Первым, что привлекло мое внимание, были пулеметы, установленные на одной из соборных башен (зениток в то время не существовало). Я не знал тогда еще немцев, я долго не мог поверить всем возводившимся на них обвинениям в варварском способе ведения войны. Наше поколение было воспитано на уважении к немецкой культуре, и потому рассказы стариков французов, участников войны 1870 года, о диких нравах германских улан мы были склонны принимать за жалобы побежденных на победителей. Вот почему мне казалось, что бомбардировки немцами церквей как наблюдательных пунктов объяснялись тактическими требованиями и что пулеметы на соборе являлись как раз оправданием для подобной стрельбы. Но прошло немного времени, и я мог убедиться, что разрушение памятников входит в доктрину германского империализма, а разницы между разрушением и грабежом для германской армии тоже не существует.

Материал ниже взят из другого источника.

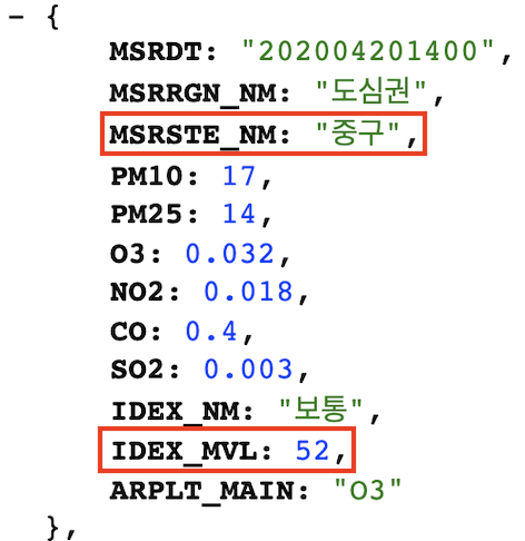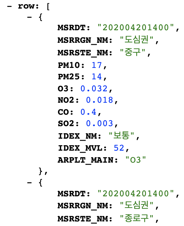 : RealtimeCityAir > row 에 미세먼지 데이터를 꺼내기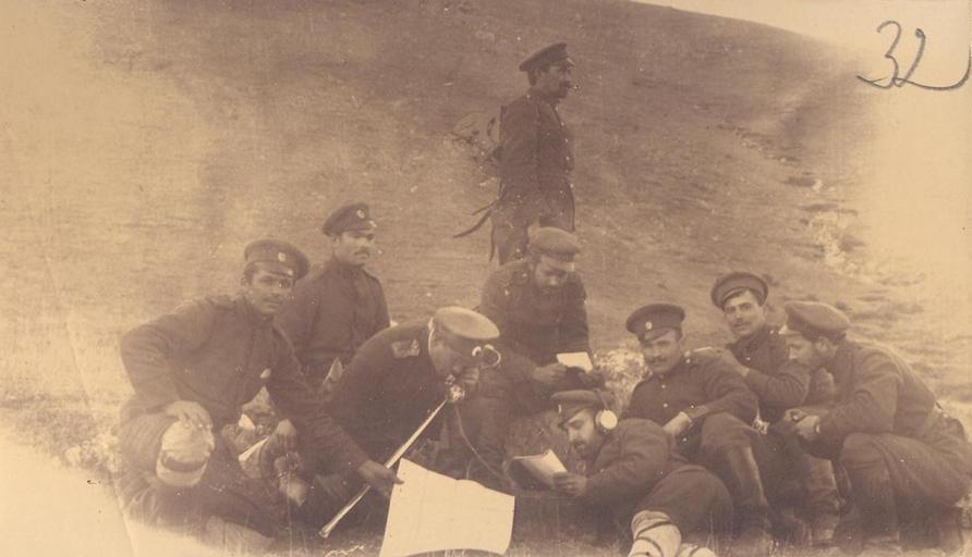 | Keywords: BASA-237K-1-355-32-Serbo-Bulgarian War, World War I, 1915.jpg Пъ ви пехотен софийски полк в С ъбската кампания по в еме на Пъ вата световна война Част от албума пода ен на обичания ни главнокомандващ г-н гене ал-майо Жеков от офице ите на полка 1915 г 1st Sofia Infantry Regiment in the Serbian campaign World War I Album presented to our beloved commander in chief major-general Nikola Zhekov by the officers of the regiment 1915 1-й софийский пехотный полк в Се бской кампании Пе вой ми овой войны Альбом пода ок обичному нашему главнокомандующему г-ну гене ал-майо у Жекову офице ам полка 1915 г 1915 author ЦДА 237K икола Жеков 1 355 32 credit line exhibition history BASA Спасими <span class signature-talk >talk</span> 2012-12-17 other versions Anonymous-EU Bulgaria in World War I World War I in 1915 World War I forces of Bulgaria 1st Sofia Infantry Regiment |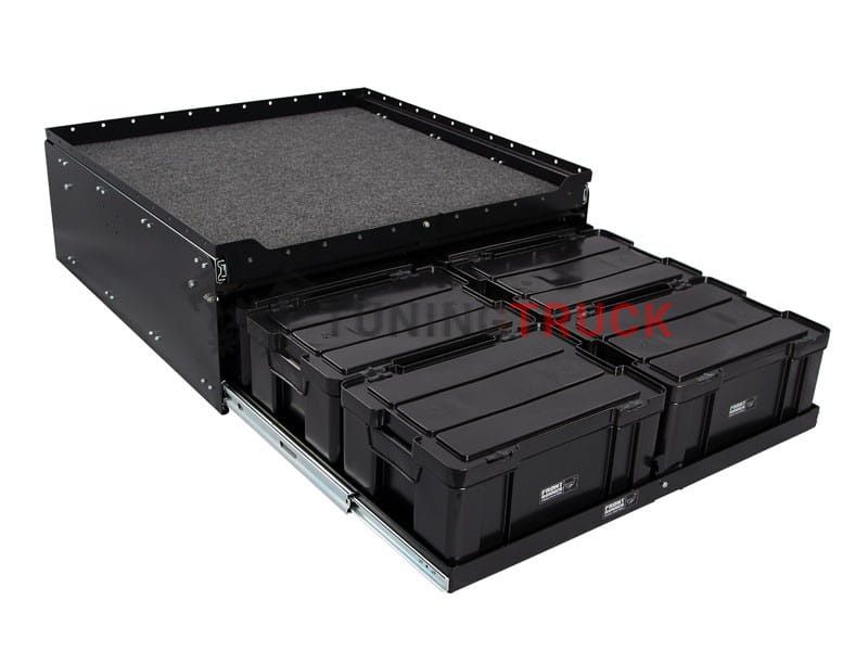 Выдвижная система на 6 ящиков с выдвижным верхом - комплексное и очень практичное решение для хранения и транспортировки грузов. Не затрудняет доступ к другим узлам, а раздвижной верх позволяет легко попадать в труднодоступные места багажника или грузовой платформы. Конструкция была разработана для использования в жестких условиях бездорожья или на обычных дорогах.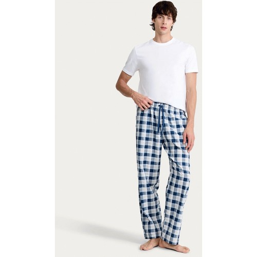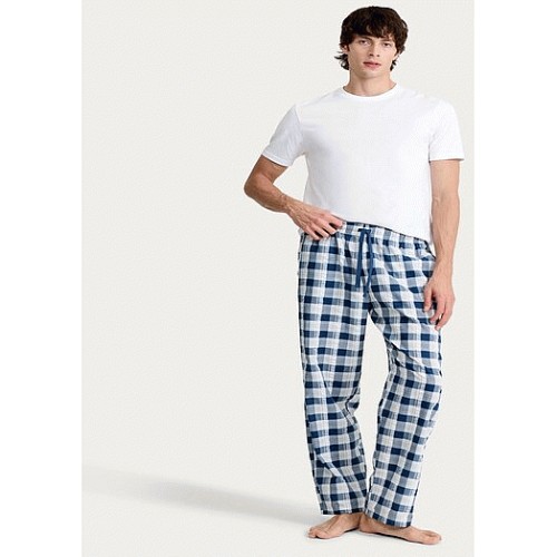 Check Print Fleece Pyjama Bottoms in Navy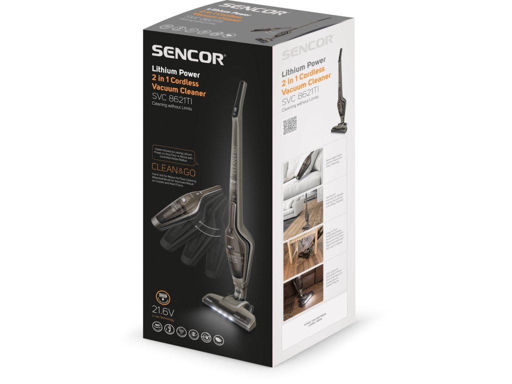 SENCOR SVC 8621TI tyčový vysavač 2v1 AKU titanBezšňůrový tyčový vysavač 2 v 1 s možností vyjmutí ruční jednotky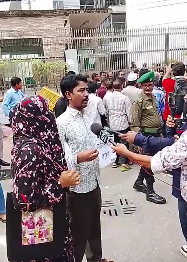 A group of people are gathered outside a building. A man in a patterned shirt and brown sandals is being interviewed by a reporter holding a microphone with the logo "DBC" on it. A woman in a floral hijab stands next to the man. She's holding a black tote bag with a photo of a group of women on it. Behind them, there's a crowd of people, some of whom are looking at the interview. A security guard in a green uniform stands among the crowd. A person in a red shirt is holding up their phone to record the interview. A building with a metal gate is visible in the background. There are power lines overhead.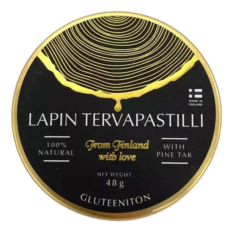 Tervan makuisia pastilleja, pakkauskoko 48 g. Gluteeniton. Valmistettu Suomessa.
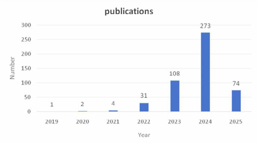 高校一站式学生社区研究文献在不同年份的发表数量能够体现其研究热度和发展历程。图 1 显示出高校一站式学生社区研究年代分布图。从整体上看,高校一站式学生社区研究的发文量在 2019 至 2025 年呈现了逐年上升的趋势,在2024 年达到顶峰后发文量逐年减少,反映出高校一站式学生社区相关研究是近些年来研究的热点所在,目前仍然存在较大的研究空间。

Через несколько минут, получив в комендатуре свой billet de logement (билет на квартиру) и пройдя по улице, я уже постиг ту беспросветную скуку, на которую меня обрекала служба при французской [447] главной квартире. Никто не мог себе объяснить, в силу каких соображений Жоффр упорно выбирал для своего штаба только небольшие и самые захудалые города, не в пример немцам, которые, по доходившим до нас слухам, располагались в самых живописных замках. Вильгельмовские генералы грабили их дотла. Внешняя скромность Жоффра хорошо скрывала внутреннее честолюбие, и он ее, пожалуй, подчеркивал в назидание другим генералам как пример республиканского демократизма.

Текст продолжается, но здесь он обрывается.